Hi,
This year was an interesting learning experience. I tried to commercialize a product, which in the end was much harder than expected. As a short summary, the first attempt failed, because I couldn’t figure out how to sell the product. The pivot failed, because multiple big corporates released a similar product. Also the goal was to get 1-2 customers to build a MVP before looking for funding and so on. So I never incorporated the idea into a company. Basically, I failed already on the first meter, but this saved a lot of time. So I only invested 7 months. 🥲
Besides being obviously naive, I enjoyed the learning process and didn’t mind the daily grind. Overall, I enjoyed the process and here are my three key learnings:
- no entrepreneurial mindset
- misaligned incentives
- build trap
With entrepreneurial mindset, I mean understanding the market and the customer. How does a product work and what is the strategy behind it? I overvalued the software and undervalued the distribution. Thinking about the product includes ideal customer profiles, pricing, sales channels, marketing and competition. I don’t mean that you need to have a business plan, but you need to have some intuition about the market you are in. This is still something you learn by doing, and it starts by talking to customers and understanding their problems. I think this is a skill you need to train, and first, you need to become aware of it.

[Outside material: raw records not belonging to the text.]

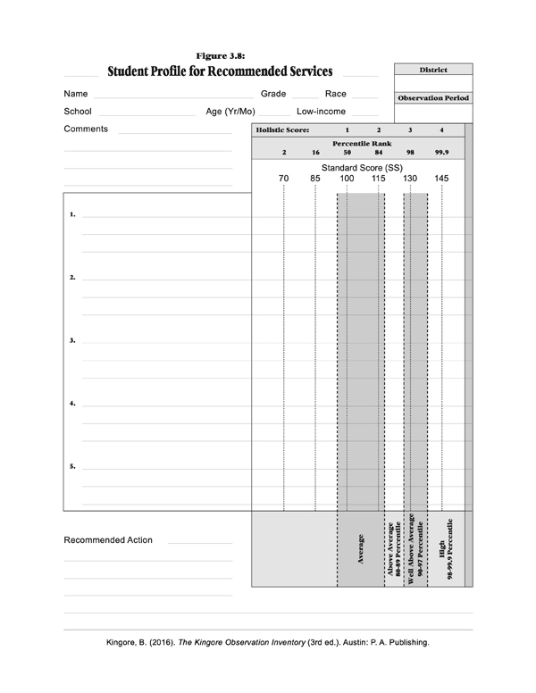 The Kingore Observation Inventory (KOI) screens and identifies students through seven observable characteristics of giftedness and high aptitude that apply to all learners, including low-income, linguistically-diverse, and culturally-diverse populations. With two levels, K-3 and 4-8, the KOI characteristics are:
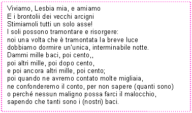 Ocelle: tenero appellativo, diminutivo di "cuore" tipicamente catulliano, sinonimo della cosa più preziosa che ci sia.
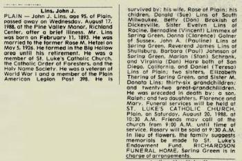 - Donald H. Lins b. 15 Mar 1927, d. 29 Jan 2009
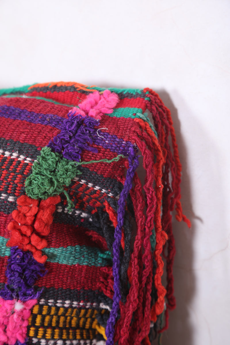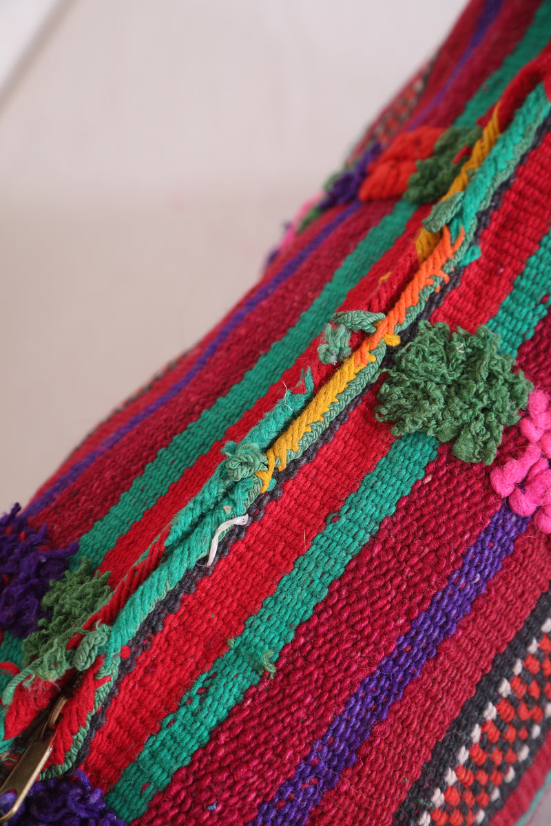 Add a burst of color and authentic craftsmanship to your space with this Moroccan Pillow, sized at 16.5 x 28.3 inches (42 CM x 72 CM). Handwoven in Morocco, this vibrant pillow features bold multicolor stripes and playful fringe accents, bringing a lively touch to any room. Its generous size makes it perfect for styling on a bed, sofa, or bench.
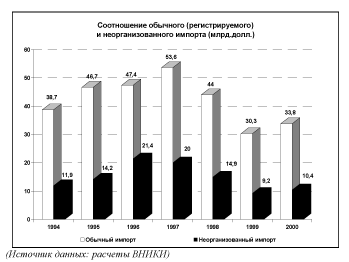 С учетом многочисленных нарушений таможенного режима, широкого распространения льгот и высоких объемов неорганизованной торговли в середине 90-х годов, по имеющимся данным, примерно 60% всего импорта (официального и челночного) и более 90% потребительского импорта осуществлялось в обход стандартных таможенных пошлин или вообще беспошлинно. В результате отечественные производители неоправданно поставлены в равные конкурентные условия с обладающими значительно большими финансовыми, технологическими и другими возможностями зарубежными фирмами.

With misaligned incentives, I mean the problem of having different goals as your co-founder. I tried to find a partner to handle sales simply because I didn’t want to do it myself. I expected him to hustle for equity, but for him it was a side project (which is completely understandable). I learned that you cannot outsource your responsibilities just because they are uncomfortable. You still need to own the process and learn the basics yourself before you delegate it.
The build trap is the problem of focusing too much on building the product, without thinking about the market or the customer. Even though I was aware, that I needed to sell the product, I still focused on coding. I think, this is a common problem (even in machine learning, you should start with a simple heuristic, before adding ML as in Rule #1). This is a common pattern, even being aware of it doesn’t make it easy to avoid.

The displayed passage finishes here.